Oncogene, 22: 6061-70 (2003)
The p53 tumor suppressor protein plays an important role in preventing cancer development by arresting or killing potential tumor cells. Downregulated p53 levels, or mutations within the p53 gene, leading to the loss of p53 activity, are found in many breast carcinomas. Here we demonstrate that the p53 gene is transcriptionally upregulated in the normal mouse mammary gland at midpregnancy. We show that the specific isoform nuclear factor 1-C2 (NF1-C2) plays an important role in this activation. Functional mutation of the NF1-binding site in the mouse p53 promoter resulted in a reduction of the gene expression to less than 30% in mammary epithelial cells. By the use of two powerful techniques, chromatin immunoprecipitation and oligonucleotide decoy, we verify the importance of NF1-C2 in p53 gene activation in vivo. These findings demonstrate a broader role for NF1-C2 in the mammary gland at midpregnancy, beyond its earlier reported activation of milk protein genes. We also demonstrate that NF1-A1 proteins are produced in the mouse mammary gland. However, due to their lower affinity to the NF1-binding site, these proteins are not involved in the transcriptional upregulation of p53 at midpregnancy. This paper constitutes the first report demonstrating the importance of NF1 proteins in the p53 gene activation in the mouse mammary gland. It is also the first time that p53 gene activation is coupled to a specific, endogenously expressed NF1 isoform.

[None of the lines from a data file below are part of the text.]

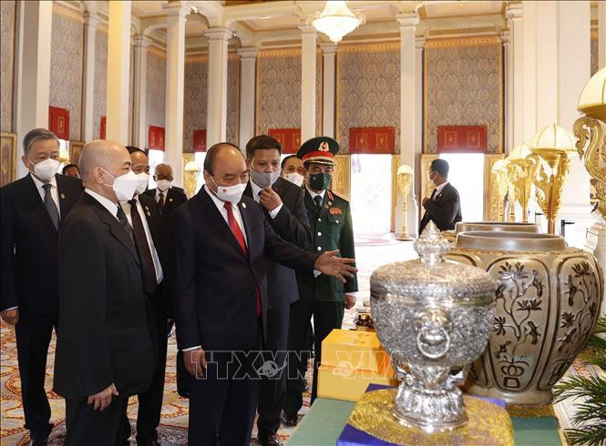 | Chủ tịch nước Nguyễn Xuân Phúc và Quốc vương Campuchia Norodom Sihamoni giới thiệu về quà tặng của hai nước tại Cung điện Hoàng gia. Ảnh: Thống Nhất/TTXVN |
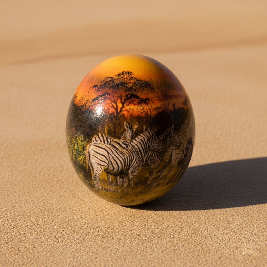 Original Straußenei – Decoupage "Zebraherde"
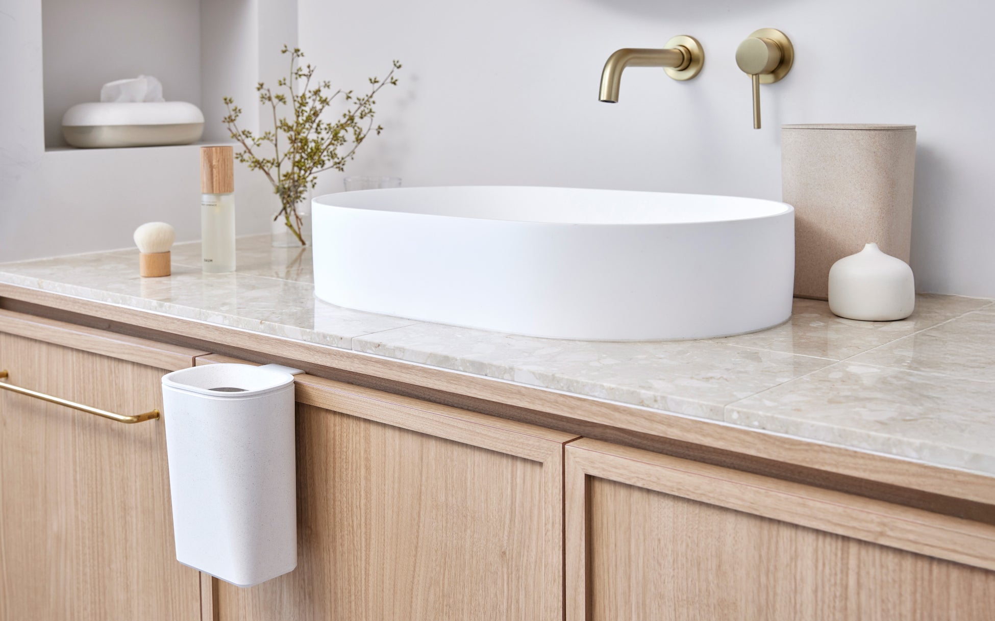 スタイルに合わせて、置き・掛けができる2wayのミニダストボックス。ゴミ袋が見えることなく、空間を美しく保ちます。角のない優しいフォルムと、浮遊感のある繊細なデザインでそっと生活に溶け込み、心地よい空間を作り出します。

|Nuclear factor 1-C2 contributes to the tissue-specific activation of a milk protein gene in the differentiating mammary gland. |
Kannius-Janson, Marie, et al.
J. Biol. Chem., 277: 17589-96 (2002)
Members of the nuclear factor 1 (NF1) transcription factor family have been postulated to be involved in the regulation of milk genes. In this work we have been able to identify the splice variant NF1-C2 as an important member of a tissue-specific activating complex that regulates the milk gene encoding carboxyl ester lipase (CEL). Mutation of the NF1-binding site in the CEL gene promoter results in a drastic reduction of the gene expression to about 15% in mammary epithelial cells. Furthermore, we demonstrate that the NF1-C2 protein interacts with a higher affinity to the NF1-binding site in the CEL gene promoter than other NF1 family members do and that NF1-C2 in the mouse mammary gland is a phosphorylated protein. During development of the mouse mammary gland, binding of NF1-C2 to the CEL gene promoter is induced at midpregnancy, in correlation with the induction of CEL gene expression. The fact that the NF1-C2 involving complex remains throughout the lactation period and decreases during the weaning period, when the CEL gene is down-regulated, supports its importance in the regulation of CEL gene expression. To our knowledge, this is the first report identifying a specific, endogenously expressed NF1 isoform to be involved in the tissue-specific activation of a gene.